***** Materials provided

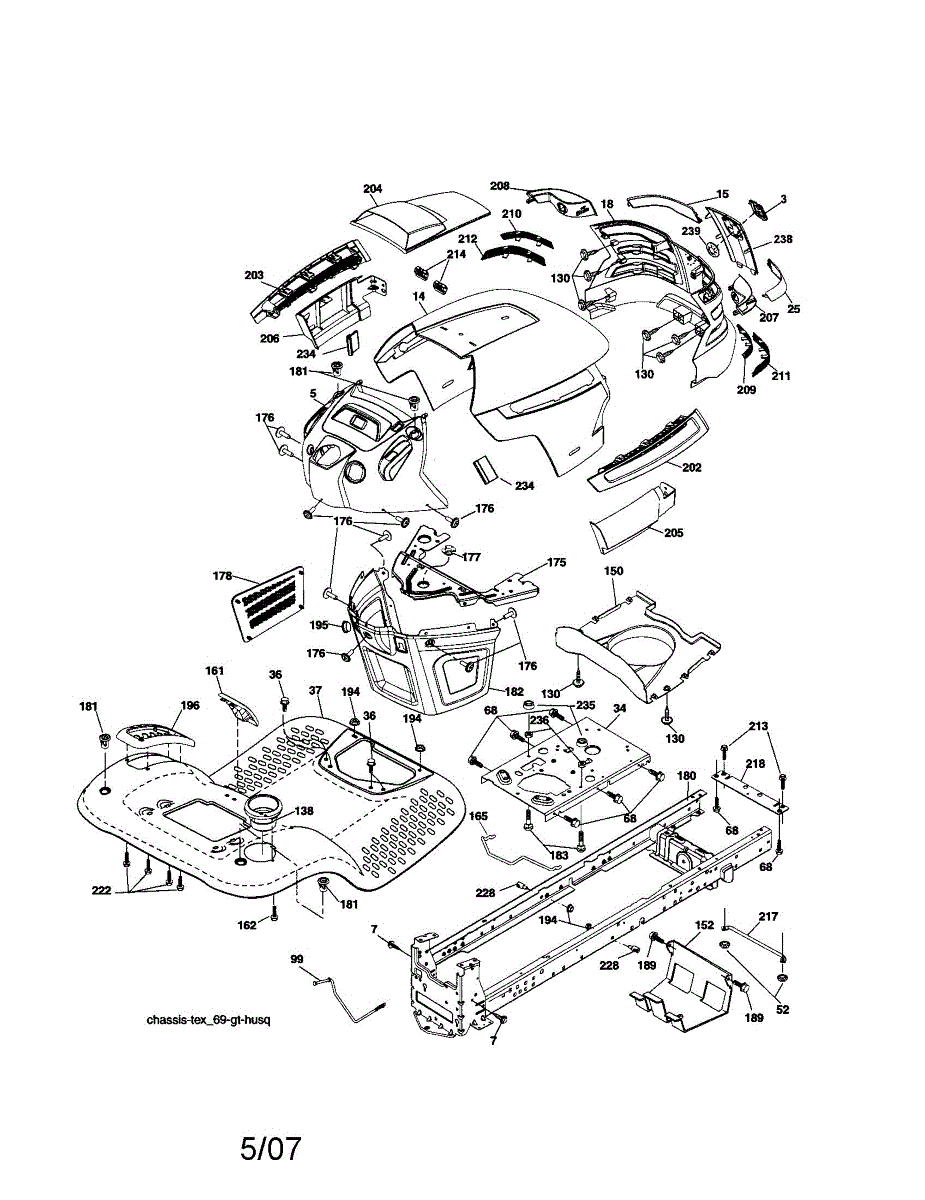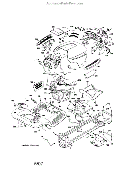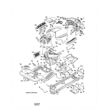 Main chassis frame assembly for riding mowers and lawn tractors. Replace this welded structural component if cracked, bent, or damaged from impact.
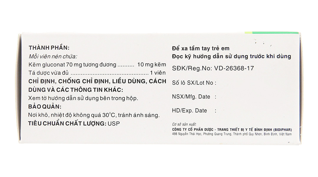 Kẽm (dưới dạng Kẽm gluconat 70mg) 10mg.
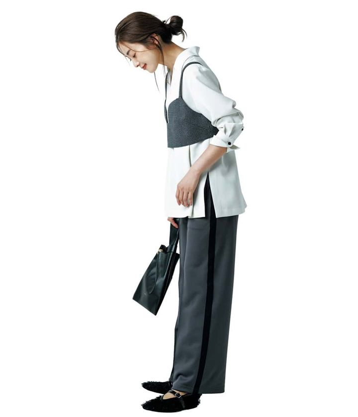 【ビスチェ×ラインパンツ】トレンド盛りコーデはモノトーンで整えて
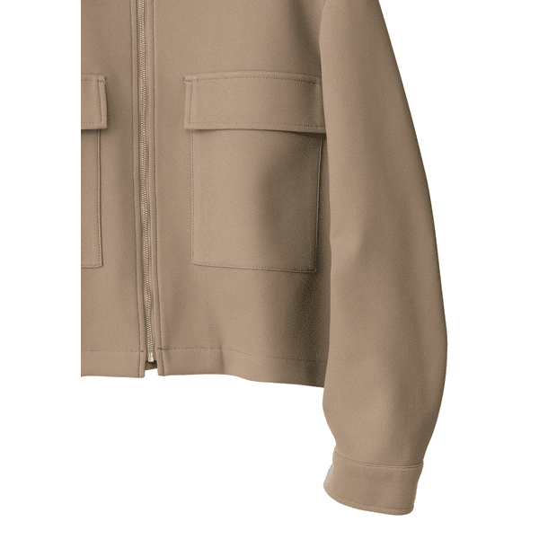 肌触りの良いなめらかな素材が裏側にボンディングされている、ふくらみを感じる素材です。伸びる上に、ゆとりも十分あるのでSで良いです。丈が短めなので背の小さい私でもバランスよく着られました。袖口を折り返して着るとより春らしくなる、そんなアウターでした。
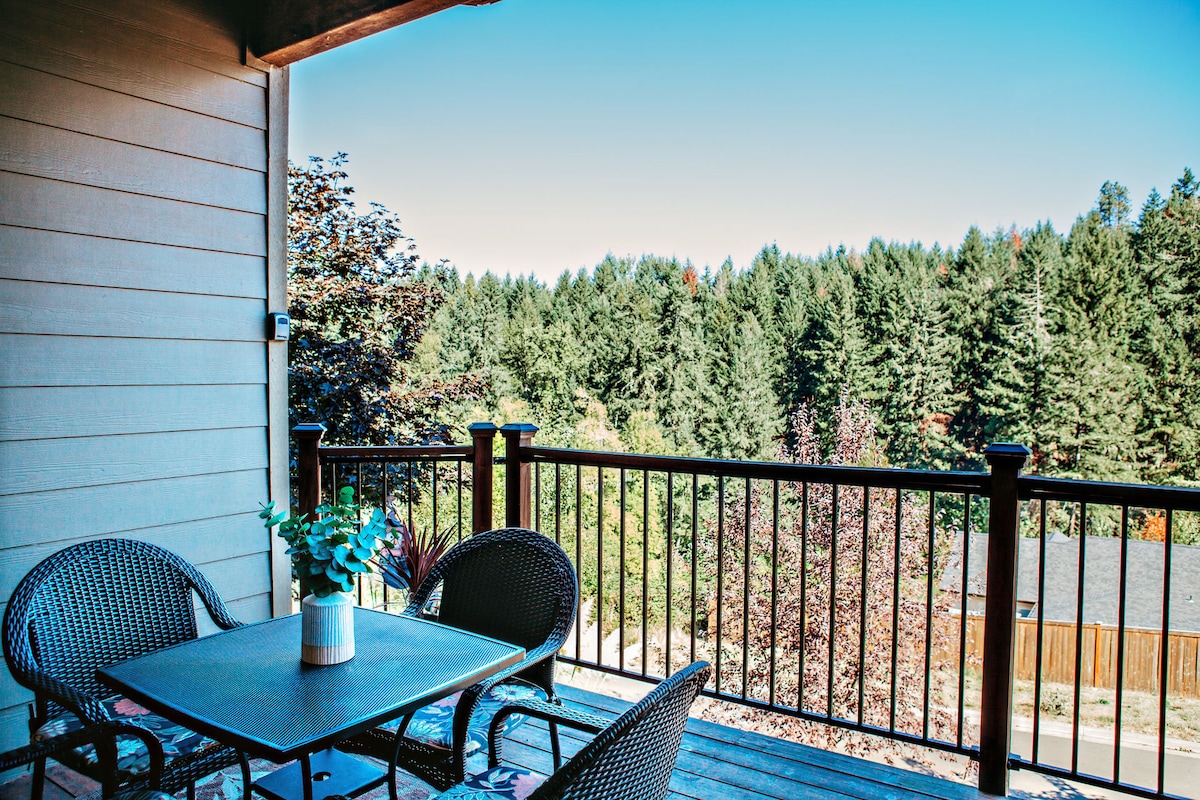 Treat yourself to 2150 sq feet of space with room to spread out comfortably and enjoy the views from the oversized windows. You will appreciate the lovely sunsets, panorama of trees, wildlife and twinkling city lights. Sit on the covered deck while you dine. Located in a peaceful neighborhood. The space is all on one level of a larger home with its own entry but requires two flights of stairs to get to the entry. NON-smoking /vaping home, smoking is allowed on the covered deck. Read our reviews!
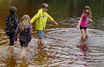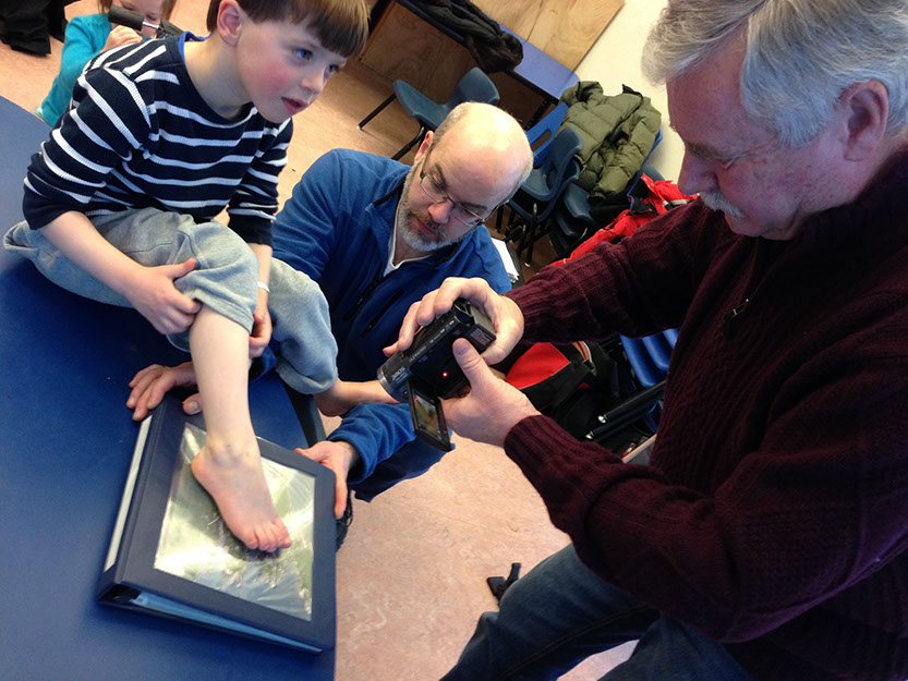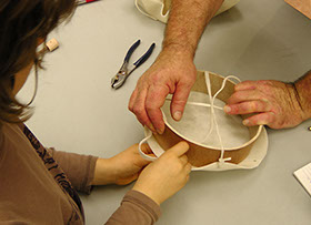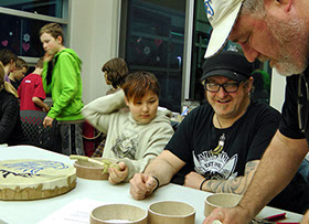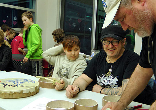 Together with architect Peter Gamble we built a drum from forest wood and animal skins. The children learned all aspects of drum making, from preparing a deerskin, to stretching the drum, to painting it and playing it.
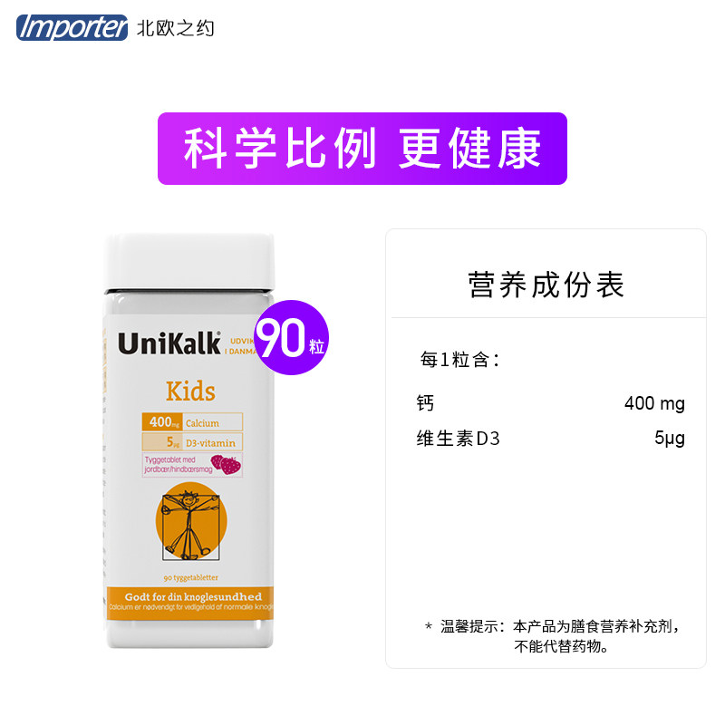 Danish Unikhalk Child Tonic Calcium Chewable Tablets Baby Calcium Tablets 90 Adolescent Students Grow VD Calcium Carbonate
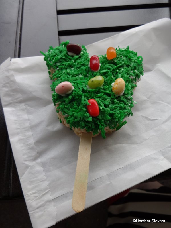 Available in chocolate, vanilla & red velvet, the Mickey ears are made from marshmallows while a bed of dyed coconut Easter grass serves as the base for the Jelly Belly Easter Eggs that top it. We chose vanilla since our last two were chocolate.
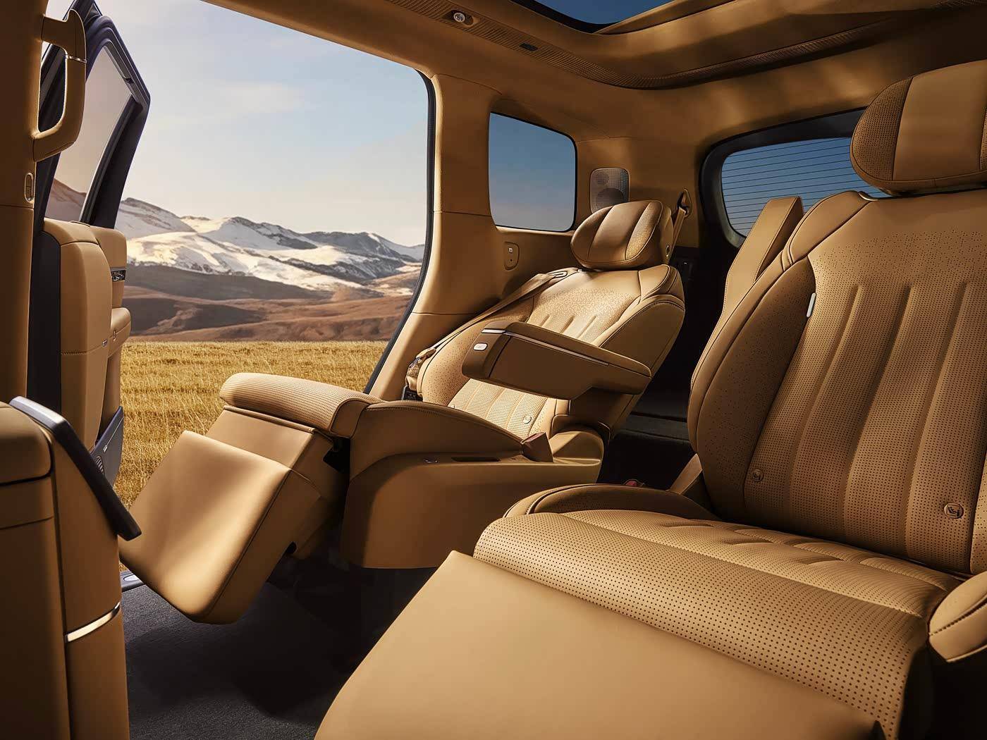 先看前排,新车提供有提供16点座椅按摩、16向电动调节、3挡通风/加热/腿托加热、将提供女王副驾零重力座椅(Nappa真皮、一键零重力舒躺)、座椅集成式安全带以及座垫气囊。
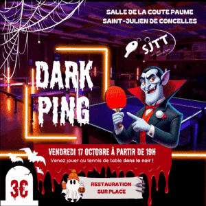 Dark-Ping 2025 Date Oct 17 2025 Expired! Heure 19h00 - 19h00 Tarif 3.00 Lieu Salle de la Courte Paume Saint Julien de Concelles Organisateur Saint Julien Tennis de Table

**********

Exercise — Every line from the one with "Available in chocolate, vanilla" through the last line of the data must be copied exactly. Leave the pictures out.

Exercise output —
 Available in chocolate, vanilla & red velvet, the Mickey ears are made from marshmallows while a bed of dyed coconut Easter grass serves as the base for the Jelly Belly Easter Eggs that top it. We chose vanilla since our last two were chocolate.
 先看前排,新车提供有提供16点座椅按摩、16向电动调节、3挡通风/加热/腿托加热、将提供女王副驾零重力座椅(Nappa真皮、一键零重力舒躺)、座椅集成式安全带以及座垫气囊。
 Dark-Ping 2025 Date Oct 17 2025 Expired! Heure 19h00 - 19h00 Tarif 3.00 Lieu Salle de la Courte Paume Saint Julien de Concelles Organisateur Saint Julien Tennis de Table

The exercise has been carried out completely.